Ковентри поколебался, ибо при воспоминании о том, как горевала бедная Люсия, сердце его наполнялось жалостью, и он мучился угрызениями совести. Но Джин хотела выслушать рассказ об унижении соперницы. И когда молодой человек замялся, она нахмурилась, потом подняла к нему лицо, озаренное мягчайшей улыбкой, и, опустив ладонь ему на предплечье, произнесла очень эффектно, со смесью ласки и смущения, подчеркнув голосом его имя:
— Прошу тебя, Джеральд, расскажи!
Ее взгляд, прикосновение, тон окончательно растопили его сердце, и, взяв ее ладошку в свои ладони, он заговорил торопливо, будто о чем-то очень неприятном:
— Я сказал ей, что не люблю ее, не могу любить, что до того поддался на уговоры матери и некоторое время считал, что связан с ней некими невысказанными узами, хотя на словах мы ни о чем таком не договаривались. Теперь же я прошу дать мне свободу — и сожалею, если желание это не является обоюдным.

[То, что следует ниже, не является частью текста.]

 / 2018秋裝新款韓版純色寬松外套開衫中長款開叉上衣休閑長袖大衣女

— А она? Что она ответила? Как это приняла? — спросила Джин, сразу поняв своим женским сердцем всю глубину переживаний отвергнутой Люсии.

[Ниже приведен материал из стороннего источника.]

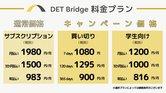 DET Bridgeはユーザーそれぞれの留学準備期間に合わせて無駄な出費を最低限にするよう、期間別に3種類の料金プランを用意しており、最安で月額1,081円(税込)で利用することができます。学生の方にはさらにお得な学割プランを用意しており、最安で月額898円(税込)で利用できるため、少しでも留学準備費用を抑えたい方への強い味方となります。
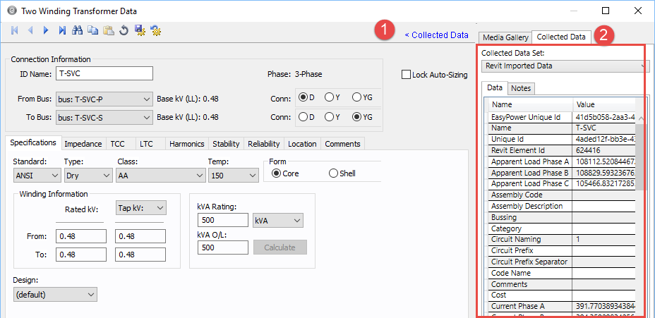 Para cada item no unifilar, você pode exibir os dados que foram importados selecionando o painel Dados coletados na caixa de diálogo de dados do equipamento e, em seguida, clicando na guia Dados coletados.

— Бедненькая! Ей это далось тяжело, но она ни на миг не утратила гордости. Согласилась с тем, что я не связан никакой клятвой, освободила меня от любых обязательств, какие могло на меня накладывать мое поведение в прошлом, и пожелала мне найти другую женщину, которая будет меня любить так же искренне и нежно, как любила она. Джин, я чувствовал себя негодяем, но ведь я никогда ничего ей не обещал, никогда ее по-настоящему не любил и сохранил право покинуть ее по собственному желанию.

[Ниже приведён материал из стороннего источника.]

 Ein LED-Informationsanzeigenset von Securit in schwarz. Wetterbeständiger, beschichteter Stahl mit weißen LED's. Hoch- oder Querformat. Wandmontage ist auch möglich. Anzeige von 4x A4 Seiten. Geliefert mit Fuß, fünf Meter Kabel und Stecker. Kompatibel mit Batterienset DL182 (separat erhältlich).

— А про меня она говорила?
— Да.
— И что сказала?
— Это обязательно повторять?
— Да, я хочу знать все. Я знаю, что она меня ненавидит, и прощаю ее, ибо и я возненавидела бы всякую женщину, которую ты бы полюбил.
— Ты ревнуешь, моя душа?
— Тебя, Джеральд? — И она устремила на него взгляд своих прекрасных глаз, они сияли, и казалось, что это свет любви.
— Ты уже превратила меня в своего раба. Как тебе это удается? Никогда еще я не был в подчинении у женщины. Джин, ты, наверное, ведьма. Ведь Шотландия — родина всякой занятной нечисти, которая любит принимать прекрасный человеческий облик и морочить бедных слабаков. Ты из этих коварных красавиц?
— Ты мне льстишь, — рассмеялась девушка. — Но я действительно ведьма и в один прекрасный день сброшу чужую личину и предстану тебе, как есть — старой, уродливой, дурной, заблудшей. Так что поберегись. Я тебя предупредила. Люби меня на свой страх и риск.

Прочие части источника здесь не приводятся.